Data excerpt -
↓↓↓

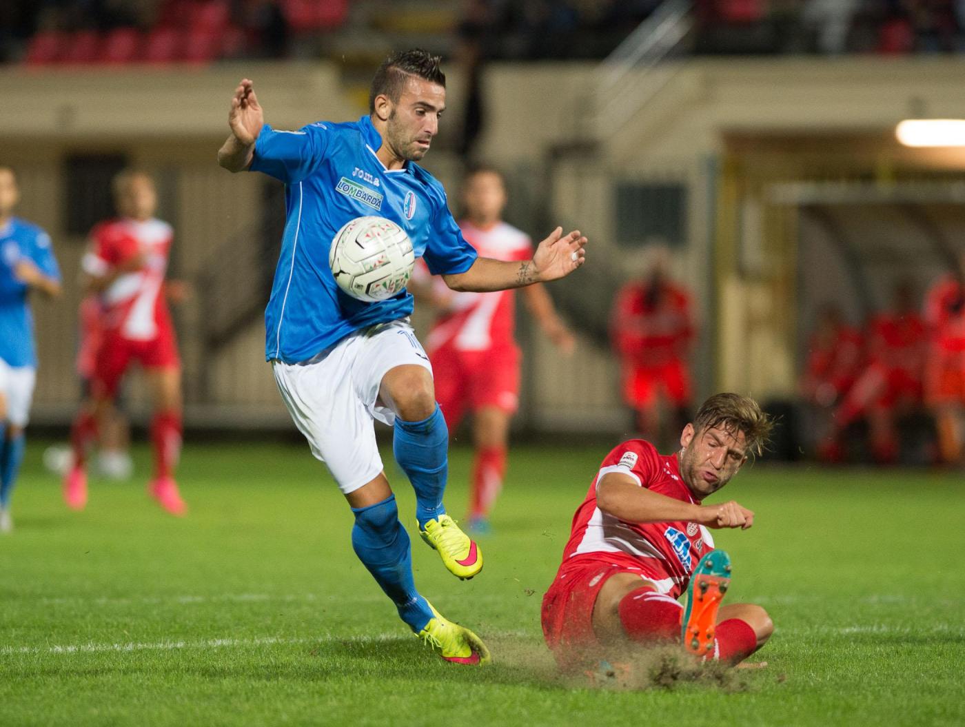 Foto LaPresse – Claudio Grassi19/09/2015 Pavia (Italia)Sport CalcioPavia – SudtirolCampionato di Calcio Lega Pro 2015-2016Stadio "Pietro Fortunati"Nella foto: Alessandro Cesarini (centrocampista Pavia) e Alessandro Bassoli (difensore Sudtirol)Photo LaPresse – Claudio Grassi19 September 2015 Pavia (Italy)Sport SoccerPavia – SudtirolItalian Football Championship League Lega Pro 2015-2016""Pietro Fortunati" Stadium
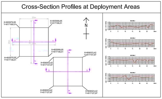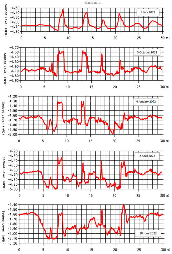 In Figure 9, where the variation of the bathymetric profile for Section 1 over the entire year of the survey is shown, the reef units are recognizable in terms of topographic heights. An initial depth reduction soon after the installation can be locally observed; this is probably due to the seabed humping just around the foundation, as an effect of undrained soil distortion.
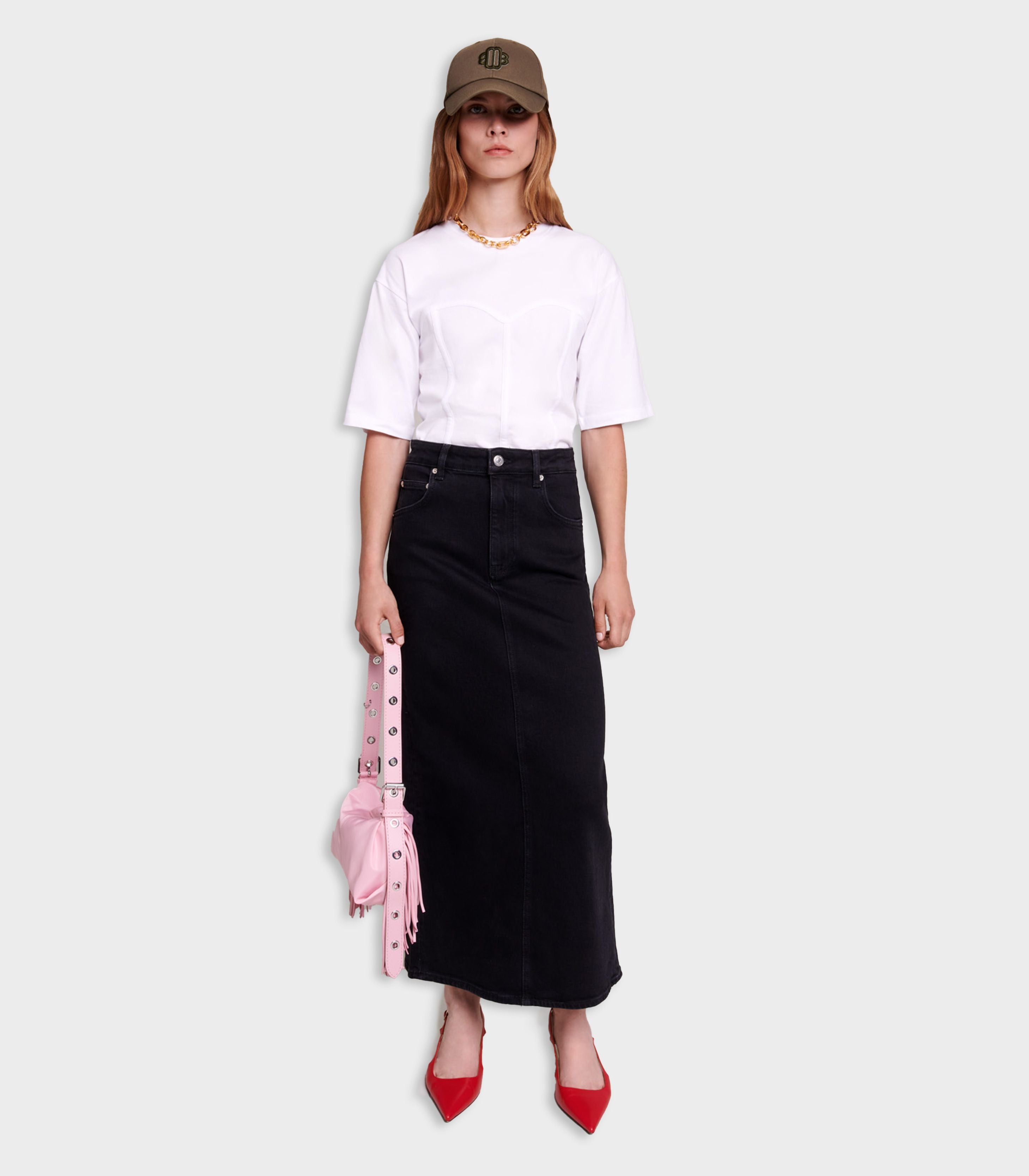 • This season, Maje reinterprets the season's classics in style and has come up with a range of signature pieces to create the boldest combinations. A real wardrobe essential, this long denim skirt creates a sleek, structured look thanks to its stiff denim. With a high waist and button fastening, the back slit is designed for extra freedom of movement and a flowing silhouette for a confident yet comfortable piece.

↑↑↑

The first line of the listing through the line with "In Figure 9, where": repeat exactly that span and nothing more, skipping pictures.

 Foto LaPresse – Claudio Grassi19/09/2015 Pavia (Italia)Sport CalcioPavia – SudtirolCampionato di Calcio Lega Pro 2015-2016Stadio "Pietro Fortunati"Nella foto: Alessandro Cesarini (centrocampista Pavia) e Alessandro Bassoli (difensore Sudtirol)Photo LaPresse – Claudio Grassi19 September 2015 Pavia (Italy)Sport SoccerPavia – SudtirolItalian Football Championship League Lega Pro 2015-2016""Pietro Fortunati" Stadium
 In Figure 9, where the variation of the bathymetric profile for Section 1 over the entire year of the survey is shown, the reef units are recognizable in terms of topographic heights. An initial depth reduction soon after the installation can be locally observed; this is probably due to the seabed humping just around the foundation, as an effect of undrained soil distortion.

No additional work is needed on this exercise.